Его кресло стояло пустым, и пустота в нём была уже не зияющей, а просто фактической — кресло без человека, мебель. На доске была её формула. В шкафу висел его пиджак среди других вещей. На столе стояли три кружки с его карандашами — она не убрала их, но теперь использовала эти карандаши сама, и один из них лежал рядом с её распечаткой, исписанный её пометками до середины.
Она подумала, что завтра надо будет написать Томасу Бреннану.
Не о блокнотах и не о письмах — просто написать, сказать, что разбирает архив, что если у него есть воспоминания или материалы, которые могут быть важны для университета, она была бы благодарна. Написать нормально, как пишут взрослые люди, которые умеют отделять то, что узнали в чужих письмах, от того, что можно произнести вслух. Томас любил его. Это было настоящим, и это было не её дело судить.
Она встала и в последний раз посмотрела на доску.
Формула стояла там в свете лампы — белая на сером, её почерк, её мысль, её начало. За окном залив окрасился в тот розово-серый цвет, который бывает здесь между закатом и сумерками и длится совсем недолго — минут десять, не больше, — и в этом свете вода выглядела живой, подвижной, как будто дышала.
Вирджиния выключила лампу и вышла из кабинета.

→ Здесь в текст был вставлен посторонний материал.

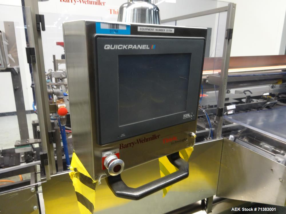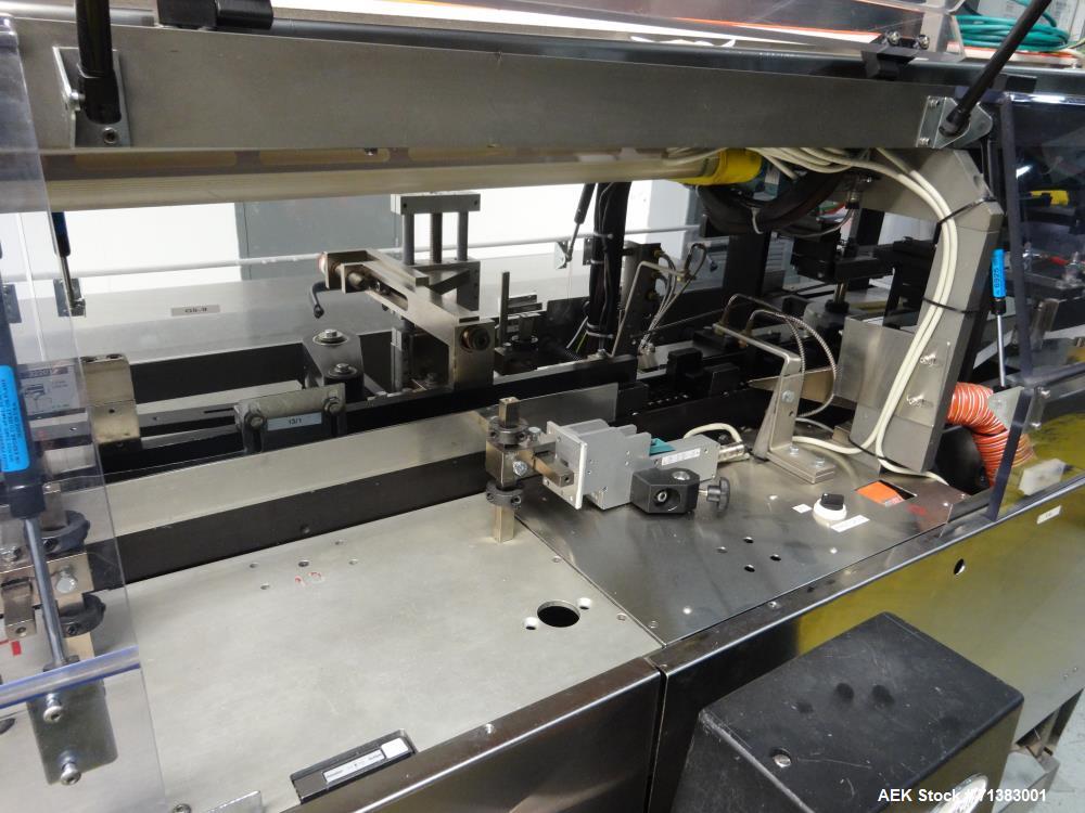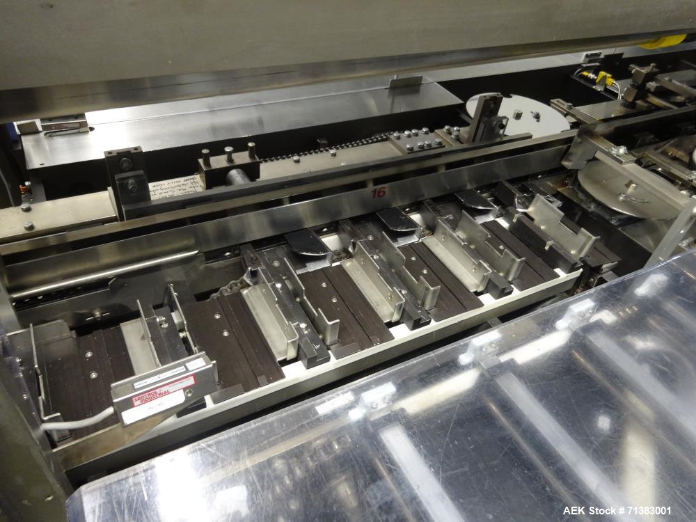 Used Thiele Servostar 160 Automatic Horizontal Hot Melt Glue Cartoner. Capable of speeds over 175 cartons per minute. Has 6 1/4" centers, with carton size range of 3/4" to 5" length, 1/2" to 3-1/4" width, and 4-1/2" to 8" depth. Has adjustable bucket infeed, equipped with 5 Thiele feeders; 3 feeders for product pouches, and 2 for instructional leaflets. Includes Laetus barcode scanners, embosse date coder and Nordson 3100 hot melt glue system. Has Allen Bradley SLC500 PLC controls with servo controllers. PLC upgrades, retooling and set to size for your application available upon request. Ask your AEK sales specialist for details. Pricing and lead times to be quoted per application upon receipt of carton and product samples. 3/60/460V, 60hz.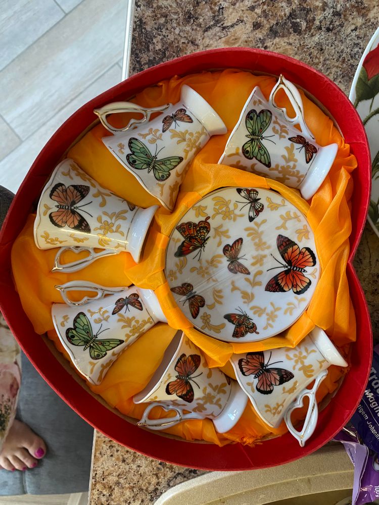 Кофейный сервиз новый, меняла тут, так и не воспользовались. В коробке, но она с пятнами. Экв 2000

В коридоре она остановилась у зеркала — небольшого, в деревянной раме, которое висело здесь всегда, сколько она себя помнила в этом доме. Посмотрела на себя. Она была бледнее обычного и чуть похудела за этот месяц, и под глазами были тени, и волосы она не красила с сентября, и у корней уже было заметно. Она смотрела на всё это спокойно, без желания немедленно исправить или скрыть — просто смотрела, как смотрят на ландшафт после долгой дороги: вот где я нахожусь, вот как это выглядит, это нормально.
Потом она пошла на кухню.
Она поставила воду, достала из шкафа пасту, из холодильника — то, что оставалось с вчерашнего ужина. Готовила без рецепта и без спешки, и пока вода закипала, написала на листке бумаги три строчки: «Написать Томасу. Позвонить Холлоуэю — архив почти готов. Утром — продолжить главу пять».
Три конкретных дела. Три точки на завтра.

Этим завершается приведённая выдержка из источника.